Photonic Accelerators for Image Segmentation in Autonomous Driving and
Defect Detection
- URL: http://arxiv.org/abs/2309.16783v2
- Date: Tue, 3 Oct 2023 16:34:13 GMT
- Title: Photonic Accelerators for Image Segmentation in Autonomous Driving and
Defect Detection
- Authors: Lakshmi Nair, David Widemann, Brad Turcott, Nick Moore, Alexandra
Wleklinski, Darius Bunandar, Ioannis Papavasileiou, Shihu Wang, Eric Logan
- Abstract summary: Photonic computing promises faster and more energy-efficient deep neural network (DNN) inference than traditional digital hardware.
We show that certain segmentation models exhibit negligible loss in accuracy (compared to digital float32 models) when executed on photonic accelerators.
We discuss the challenges and potential optimizations that can help improve the application of photonic accelerators to such computer vision tasks.

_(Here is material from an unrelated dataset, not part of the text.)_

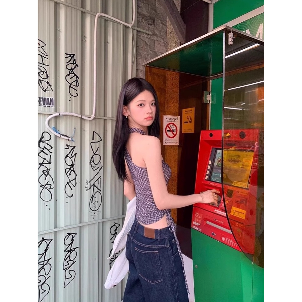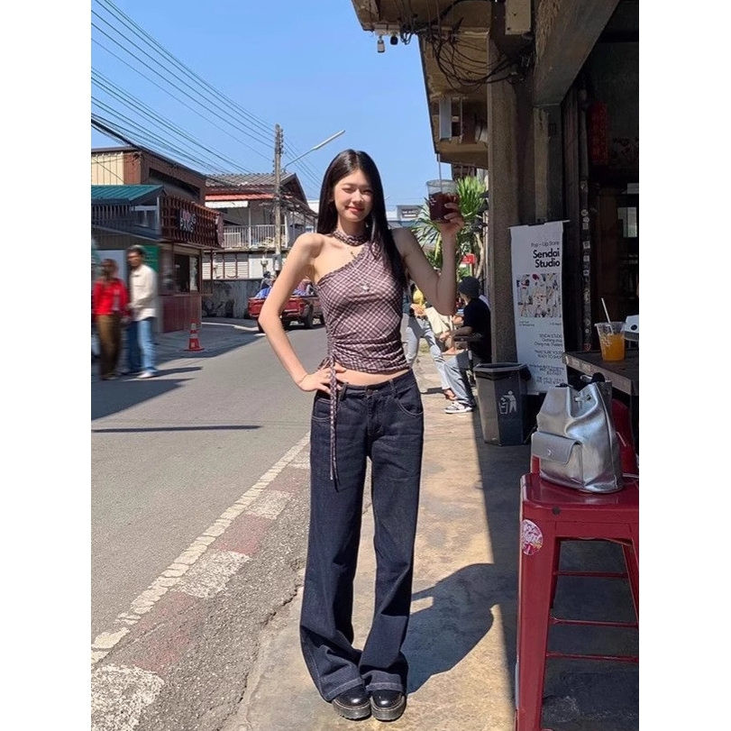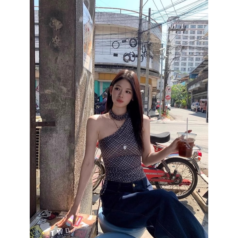 不规则黑色格子斜肩吊带背心女夏季性感辣妹气质短款修身露肩上衣

- Score: 34.864059478265055
- License: http://creativecommons.org/licenses/by/4.0/
- Abstract: Photonic computing promises faster and more energy-efficient deep neural
network (DNN) inference than traditional digital hardware. Advances in photonic
computing can have profound impacts on applications such as autonomous driving
and defect detection that depend on fast, accurate and energy efficient
execution of image segmentation models. In this paper, we investigate image
segmentation on photonic accelerators to explore: a) the types of image
segmentation DNN architectures that are best suited for photonic accelerators,
and b) the throughput and energy efficiency of executing the different image
segmentation models on photonic accelerators, along with the trade-offs
involved therein. Specifically, we demonstrate that certain segmentation models
exhibit negligible loss in accuracy (compared to digital float32 models) when
executed on photonic accelerators, and explore the empirical reasoning for
their robustness. We also discuss techniques for recovering accuracy in the
case of models that do not perform well. Further, we compare throughput
(inferences-per-second) and energy consumption estimates for different image
segmentation workloads on photonic accelerators. We discuss the challenges and
potential optimizations that can help improve the application of photonic
accelerators to such computer vision tasks.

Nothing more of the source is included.